記憶は明日のために強さになるものだよ。きっと。

Thursday, March 08, 2007
11:13 PM

i still don't know what to do so please do not disturb.
currently listening to: Baby Don't Cry [Amuro Namie]

i'm very confused.
no, i'm more than confused, i'm to the point of wanting to tear out my hair.

i never thought of career prospects, i just wanted to do something i am interested in. but parents expect you to do something that can confirm you a good career in the future.

...like LAW.

just when i thought everything was settled and i had finally found a course that i wanted to go into, they tell me i should do LAW. just when i was getting kinda flustered when mr dan called and sounded shocked that i didn't apply for any scholarship, they tell me i should do LAW with the reason that ANYONE can do communications but NOT EVERYONE can do LAW without qualifications.

i can't get my butt into the LAW faculty with AAAB2.

something i tried to explain but to no avail. i had never even imagined myself doing law so how can make a decision with only a few days left to the closing of applications! no interest, none at all. LAW??? siao lah. it's as impossible as getting into medicine.

and for some reason, which i suspect is closely linked to oligopolistic competition, all the universities are having their open house on the SAME DAY SAME TIME. some more siao people over there. frankly, the government should do something to stop such unhealthy competition because it exposes us students, the supposed future pillars of singapore, to the possible risk of missing out critical information that could affect our future paths and determine whether we can be genuine concrete 'pillars' instead of those makeshift ones you see on film settings. guess this means some of us are bound to end up being carried around as stage props.

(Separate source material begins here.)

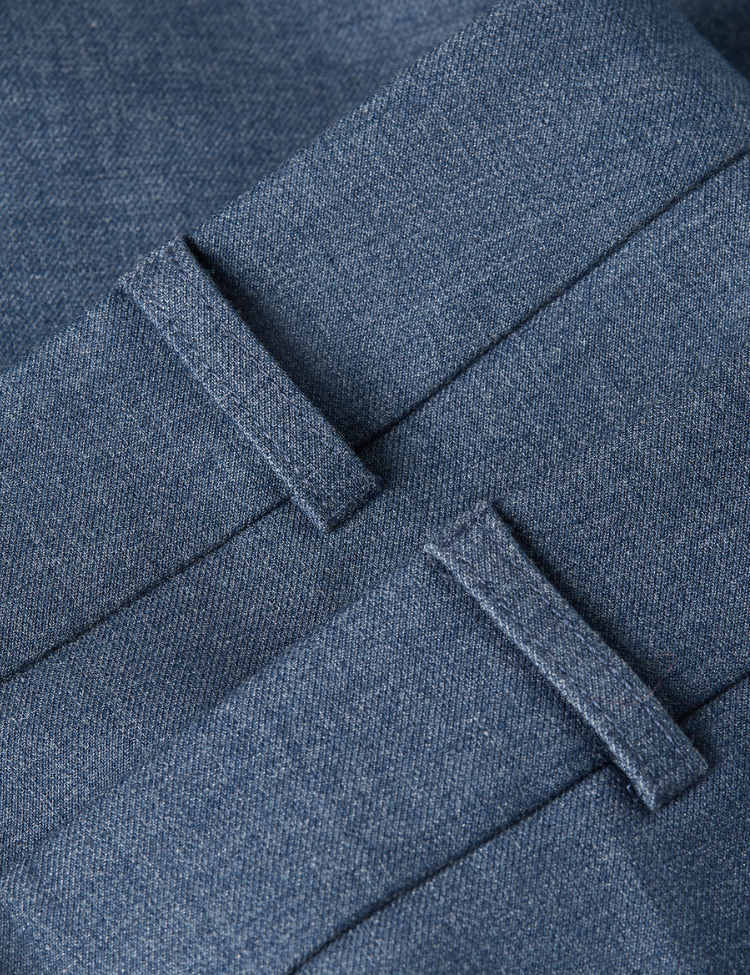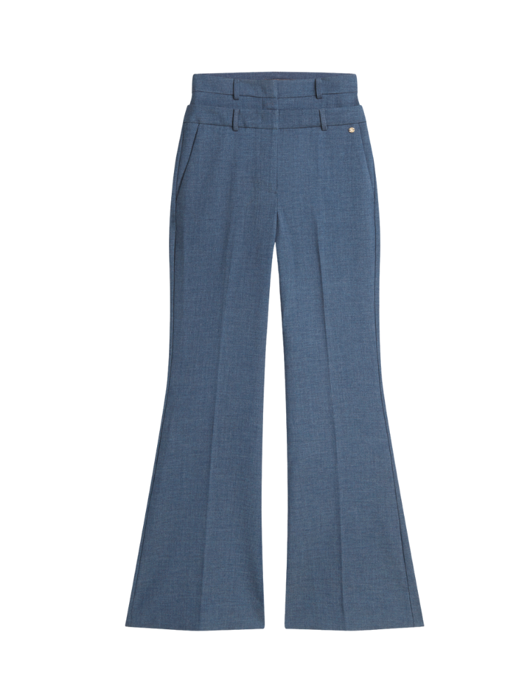 De Josh V Liora Pants in Blue Chambray is een stijlvolle pantalon met een moderne twist. Deze high-waist broek heeft een elegante flared fit die het silhouet verlengt en verfijnt. De zachte chambrayblauwe kleur geeft een frisse en eigentijdse uitstraling, perfect om te combineren met zowel zakelijke als casual looks.

AND THEN, i'm killing more brain cells thinking of the possible scholarships to apply. most of them come with bonds (realiiiiistic people) other than some kind exceptions like the NY Scholarship, which i think is pretty impossible to get so i shan't even try. AND, most of them require 'S' paper qualifications so 3As are worth like... peanuts? *starts to regret not trying for econs 'S' paper*

and look, people confirm their courses before they apply for their scholarships. and what am i doing here? i had never intended to apply for scholarships even if i did well, but now to think of it, i would be wasting my parents' money unneccessarily if i didn't. it'll also be a waste of those 3 As and the 'tpjc top arts student' label.

BUT THERE WILL BE INTERVIEWWWWS.
*starts to freak out and envisions failure*

i'm just so exhausted from work. and now i realised that i haven't finished contacting the 2e4 people for the gathering. this is just great and i'm going to fall asleep while trying.

please pardon the rants. and the english.


記憶は明日のために強さになるものだよ。きっと。

Monday, March 05, 2007
12:03 AM

it's on to the next stage for us.
currently listening to: Story [AI]

now we come to the major decision of choosing our future paths.

it still seems so unrealistic now that we've really really become JC graduates and it still feel like i have to return to tpjc soon for lessons. it feels like just a long holiday from JC more than such an important turning point that it really is. okay, just call me a nerd, but i really wanna go back to the classroom yeah.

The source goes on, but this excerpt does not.